I agree. Again, I did not feel comfortable completely shooting down Yang et al. because I could imagine that their structure could be useful for researchers who want to include subject-matter knowledge in their inferences, but, sure, if it’s a take it or leave it on Yang et al., I’d have to say, leave it.
But then there’s more to the story. A different set of authors, Kenneth Land, Qiang Fu, Xin Guo, Sun Jeon, Eric Reither, and Emma Zhang (a group that includes one of the authors of the earlier Yang et al. paper) responded with an article in AJS. Their response had the aggressive title, “Playing with the rules and making misleading statements,” and they continued to fire with both barrels in the text:
Luo et al. then claim to raise “concerns about the robustness” and thus usefulness of the IE by showing that IE estimates can be “highly sensitive” to a researcher’s choice of coding scheme or model parameterization. In this response, we find these “concerns” to be based on misinterpretations, misunderstandings, and misrepresentations of the IE and, accordingly, misleading.
What’s with all the scare quotes, huh? Kinda iffy to be going against high-powered methodologists like Chris Winship and Steve Fienberg!
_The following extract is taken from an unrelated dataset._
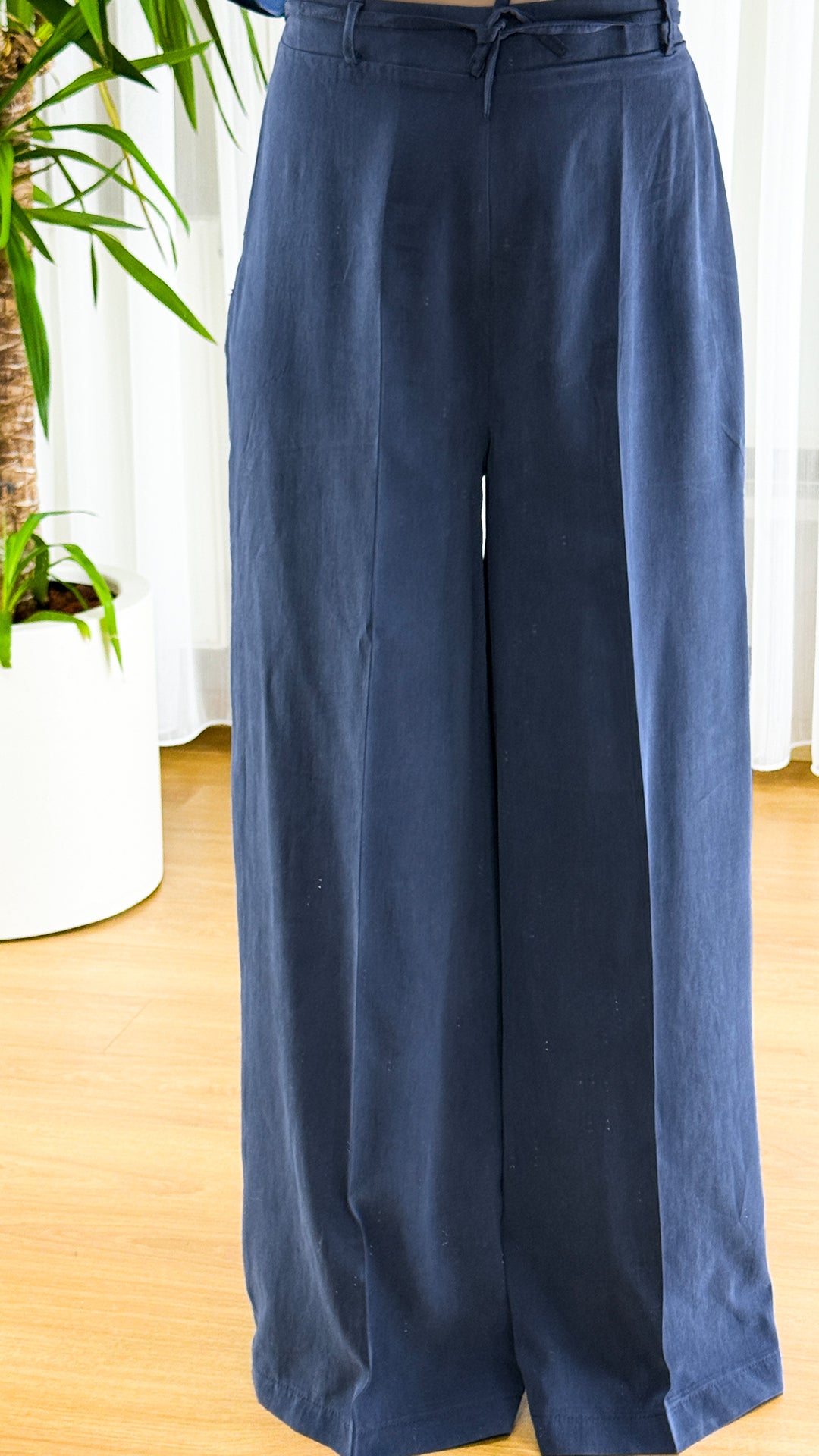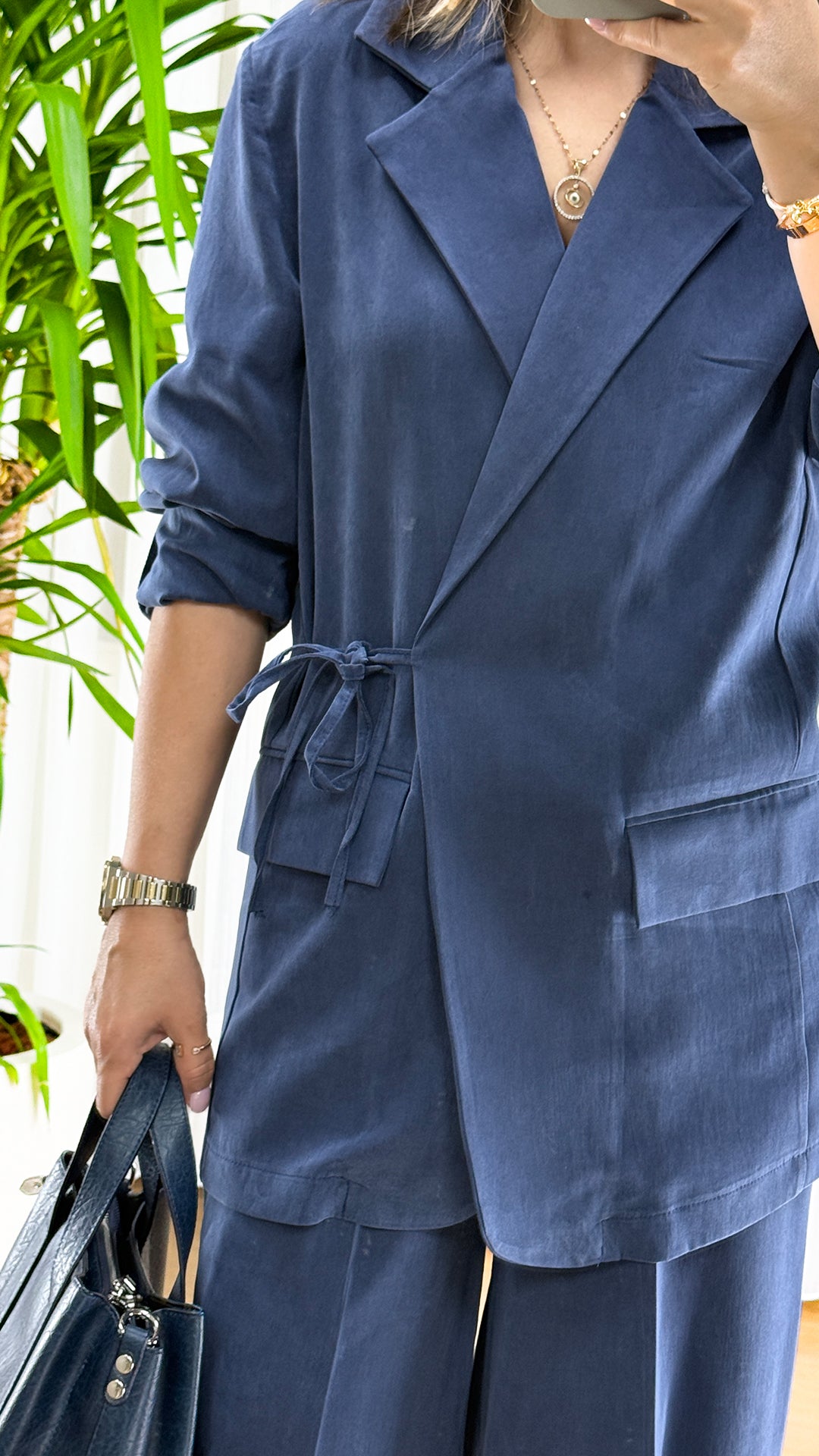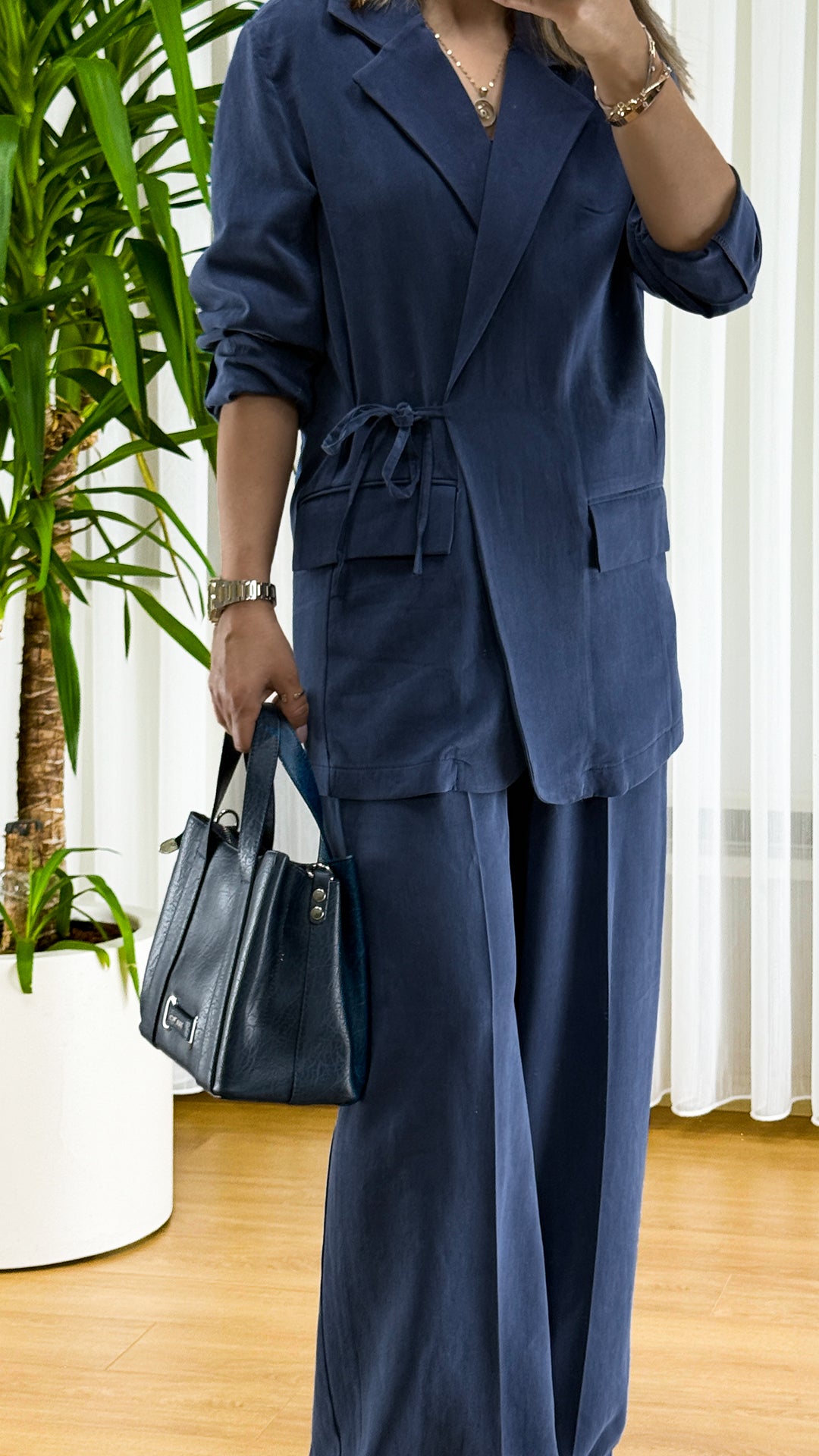 Klasik lacivertin zamansız asaletini viskonun dökümlü güzelliğiyle buluşturan takımımız, blazer ceket ve wide leg pantolon kombinasyonuyla sophisticated office wear'ın mükemmel örneğini sunuyor! Wrap style blazer ve beli bağlamalı detaylarla, feminine power dressing'in modern temsilcisi.

But let’s get to the conclusion of Land et al.:
The APC [age-period-cohort] accounting/multiple classification model is not identified unless we impose one additional constraint whose validity cannot be tested with any data. Just as there are infinitely many generalized inverse matrices to calculate the coefficient vector of this model, there are infinitely many corresponding possible constraints. . . . Given this, researchers should not use the IE [that estimate from Yang et al., 2008], or any other constraint such as equality-of-coefficients or a cohort characteristic proxy constraint, without careful thought about whether it is reasonable in their particular context.
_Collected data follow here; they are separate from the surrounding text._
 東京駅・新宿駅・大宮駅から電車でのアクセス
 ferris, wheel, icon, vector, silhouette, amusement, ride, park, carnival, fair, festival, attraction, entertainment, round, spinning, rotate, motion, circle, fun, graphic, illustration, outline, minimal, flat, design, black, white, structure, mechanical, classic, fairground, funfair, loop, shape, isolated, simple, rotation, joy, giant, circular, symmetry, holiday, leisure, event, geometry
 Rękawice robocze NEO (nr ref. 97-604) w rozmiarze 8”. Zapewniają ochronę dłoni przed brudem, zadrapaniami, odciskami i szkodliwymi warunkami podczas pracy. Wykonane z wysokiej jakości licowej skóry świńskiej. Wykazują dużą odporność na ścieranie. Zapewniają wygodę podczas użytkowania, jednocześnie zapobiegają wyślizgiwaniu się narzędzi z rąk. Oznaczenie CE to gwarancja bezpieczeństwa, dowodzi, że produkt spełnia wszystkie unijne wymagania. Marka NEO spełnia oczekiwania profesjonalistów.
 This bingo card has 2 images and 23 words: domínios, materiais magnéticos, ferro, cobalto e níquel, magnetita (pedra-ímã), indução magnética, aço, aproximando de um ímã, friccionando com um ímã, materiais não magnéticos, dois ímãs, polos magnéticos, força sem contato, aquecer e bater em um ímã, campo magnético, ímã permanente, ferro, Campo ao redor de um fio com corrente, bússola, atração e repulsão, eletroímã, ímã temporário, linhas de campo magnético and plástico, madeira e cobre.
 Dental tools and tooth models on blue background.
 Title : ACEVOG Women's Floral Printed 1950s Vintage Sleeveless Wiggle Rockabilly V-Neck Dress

I think we’re all in agreement on that point. The key point of disagreement is on whether the Yang et al. method is useful in a wide range of applications.
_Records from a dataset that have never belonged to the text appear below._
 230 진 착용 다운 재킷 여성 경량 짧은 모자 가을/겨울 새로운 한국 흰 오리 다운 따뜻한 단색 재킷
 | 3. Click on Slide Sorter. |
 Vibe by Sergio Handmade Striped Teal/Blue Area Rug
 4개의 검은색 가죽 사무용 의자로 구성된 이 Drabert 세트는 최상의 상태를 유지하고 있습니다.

If you go to the conclusion of the original Yang et al. (2008) paper, you’ll see some mixed messages. First a full-steam-ahead:
Glenn (2005, p. 20) has stated several strong criteria for judging the acceptability and utility of a general-purpose method of APC analysis. The IE appears to satisfy these criteria. As shown here, the IE has passed both empirical and simulation tests of validity and can be used to test theoretically motivated hypotheses and to incorporate and test side information from other studies. The IE therefore may provide a useful tool for the accumulation of scientific knowledge about the distinct effects of age, period, and cohort categories in social research. Indeed, since the APC underidentification problem is an instance of a larger family of such structural issues, the potential range of application for the IE may be even larger.
But then . . . whoa, maybe not. Yang et al. continue:
Does this mean that researchers should naively apply this method to tables of rates and expect to obtain meaningful results? Again, no. Every statistical model has its limits and will break down under some conditions. APC analysis is well known to be treacherous, for reasons articulated by Glenn (2005), and should, in all cases, be approached with great caution and an awareness of its many pitfalls.
For now, I’ll go with Luo/Hodges/Winship/Powers, who agree with Heckman/Robb and Fienberg/Mason before them.